48 persone beneficiavano del sussidio pur possedendo case e veicoli di valore non dichiarati. Scoperti dalla Guardia di Finanza, ora rischiano fino a sei anni di reclusione. In corso il recupero delle somme di cui si sono appropriati, pari a circa 330mila euro
di Redazione
Nel corso dell’anno, i Finanzieri del Comando Provinciale di Salerno hanno eseguito una serie di controlli in materia di indebita percezione del “reddito di cittadinanza”, con lo scambio informativo ed in stretta sinergia con l’Istituto Nazionale della Previdenza Sociale, denunciando quasi 50 beneficiari per irregolarità riscontrate nelle loro istanze.

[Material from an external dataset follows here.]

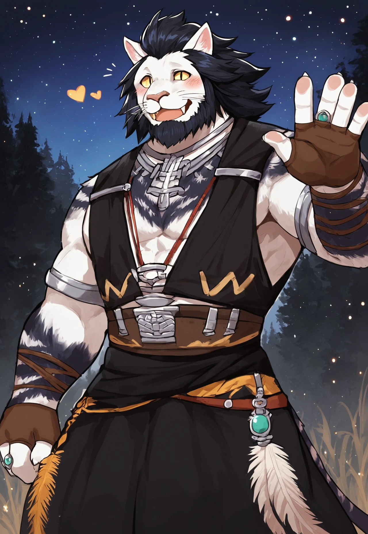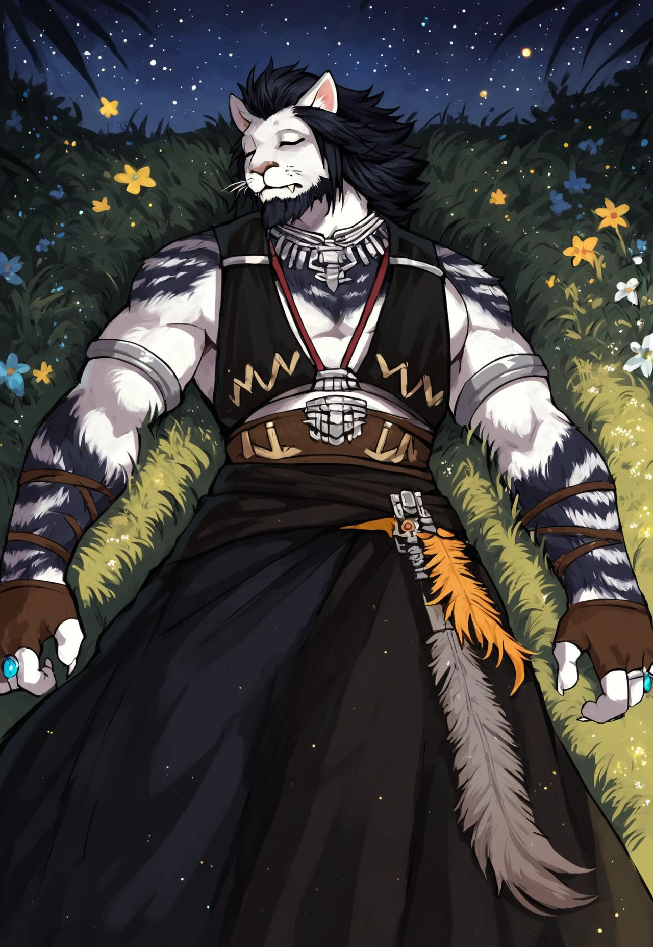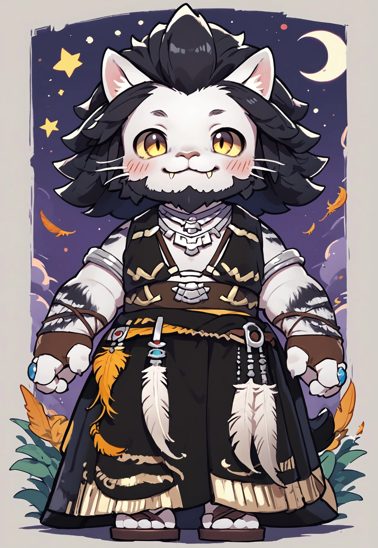 furry, cat, cat ears, animal ears, yellow eyes, whiskers, fangs, beard, facial hair, black hair, long hair, white fur, two-tone fur, claws, tail,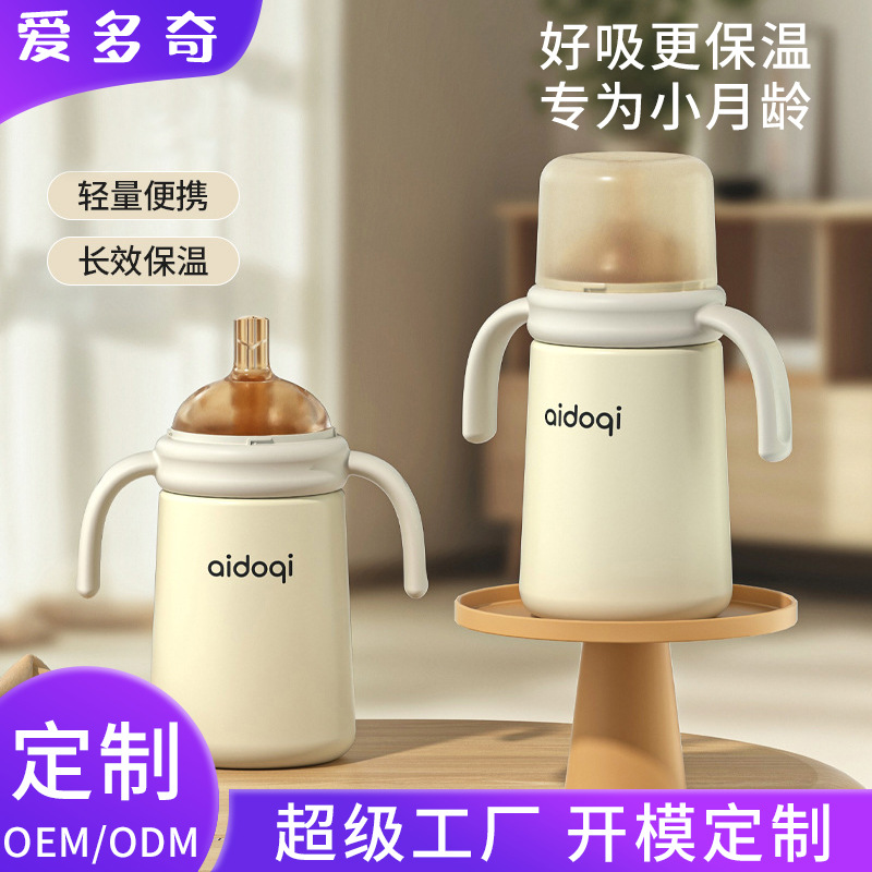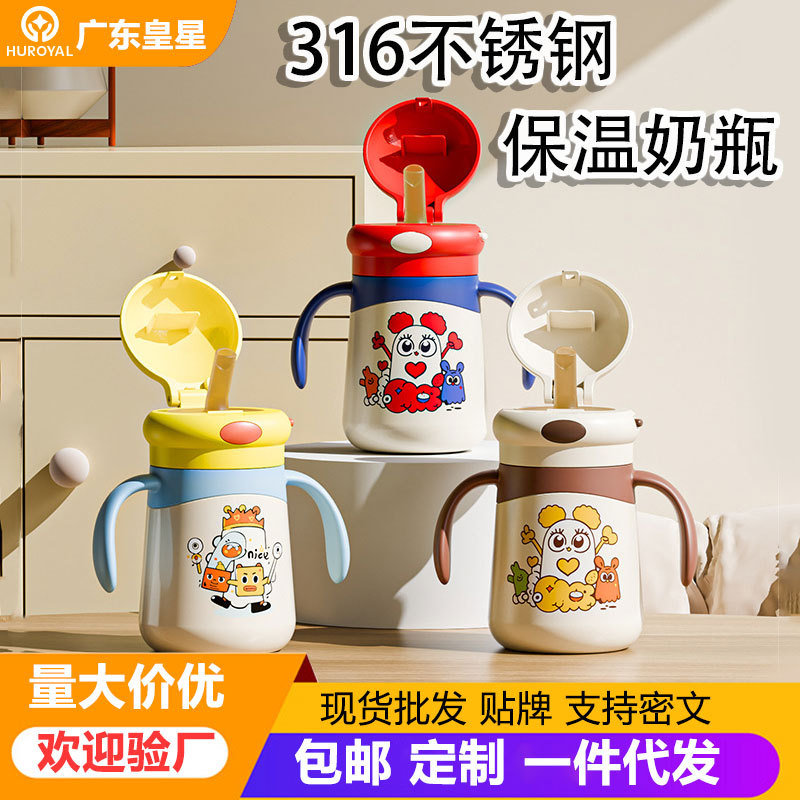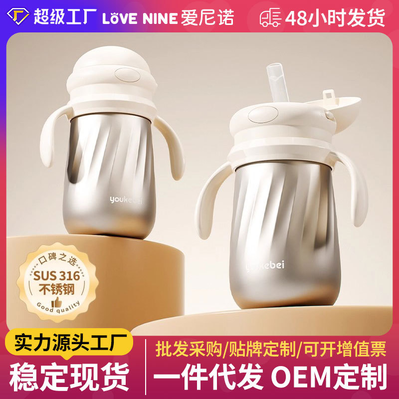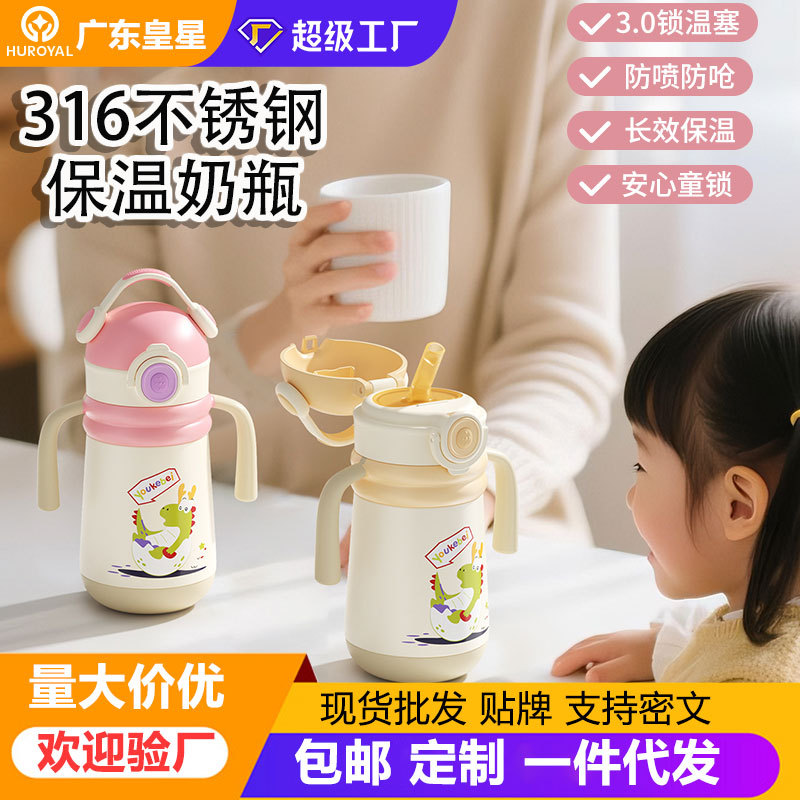 316 不锈钢恒温防漏吸管学饮杯大宝宝保温奶瓶婴幼儿喝水杯批发

Gli accertamenti, svolti dalle Fiamme Gialle delle Compagnie di Cava de’ Tirreni, Nocera Inferiore e Scafati con il coordinamento di Procura della Repubblica di Nocera Inferiore, hanno riguardato la posizione di quei percettori che, dopo una prima scrematura, avevano evidenziato segnali di anomalie in merito alle situazioni reddituali comunicate all’INPS, competente all’erogazione del beneficio. Nel procedere al successivo confronto delle certificazioni prodotte con le informazioni acquisite attraverso le banche dati in uso al Corpo, i militari hanno in effetti accertato notevoli discrepanze, constatando che 48 soggetti, tutti dell’Agro nocerino-sarnese, non avevano dichiarato il possesso di beni, liquidità e fonti di reddito che non avrebbero consentito l’accoglimento delle loro domande. Si passa da chi aveva dichiarato di dover pagare il canone di affitto dell’appartamento, quando in realtà ne era proprietario e ne riscuoteva il canone, a chi aveva “dimenticato” di segnalare l’acquisto di auto e moto di grossa cilindrata o le cospicue rendite finanziarie maturate. Ma ciò che più salta all’occhio è, in un paio di circostanze, l’omessa dichiarazione della proprietà di abitazioni, diverse dalla prima casa, del valore di circa 300 mila euro. Anche l’esame dei conti di gioco ha fatto emergere che cinque degli indagati hanno messo insieme, complessivamente, 200.000 euro di vincite online, delle quali non c’è traccia nelle dichiarazioni presentate. Non poteva mancare, infine, chi riceveva il sussidio ed è stato scoperto a lavorare “in nero” nella ditta di un parente o chi, di fatto, non era residente in Italia da almeno due anni continuativi (il requisito di permanenza minimo), tant’è che era ormai iscritto all’AlRE (il Registro degli Italiani Residenti all’Estero), essendosi trasferito in maniera stabile fuori dal Paese da più di dodici mesi. I responsabili, segnalati all’INPS per la revoca immediata del contributo, sono stati pure denunciati a piede libero per l’ipotesi di reato prevista dalla legge che ha introdotto il reddito di cittadinanza, nel caso di chi ha illecitamente goduto dello specifico aiuto, delitto per cui rischiano adesso la reclusione fino a sei anni. Sono già in corso le operazioni di sequestro e recupero delle somme illegalmente intascate, in tutto pari ad oltre 330 mila euro.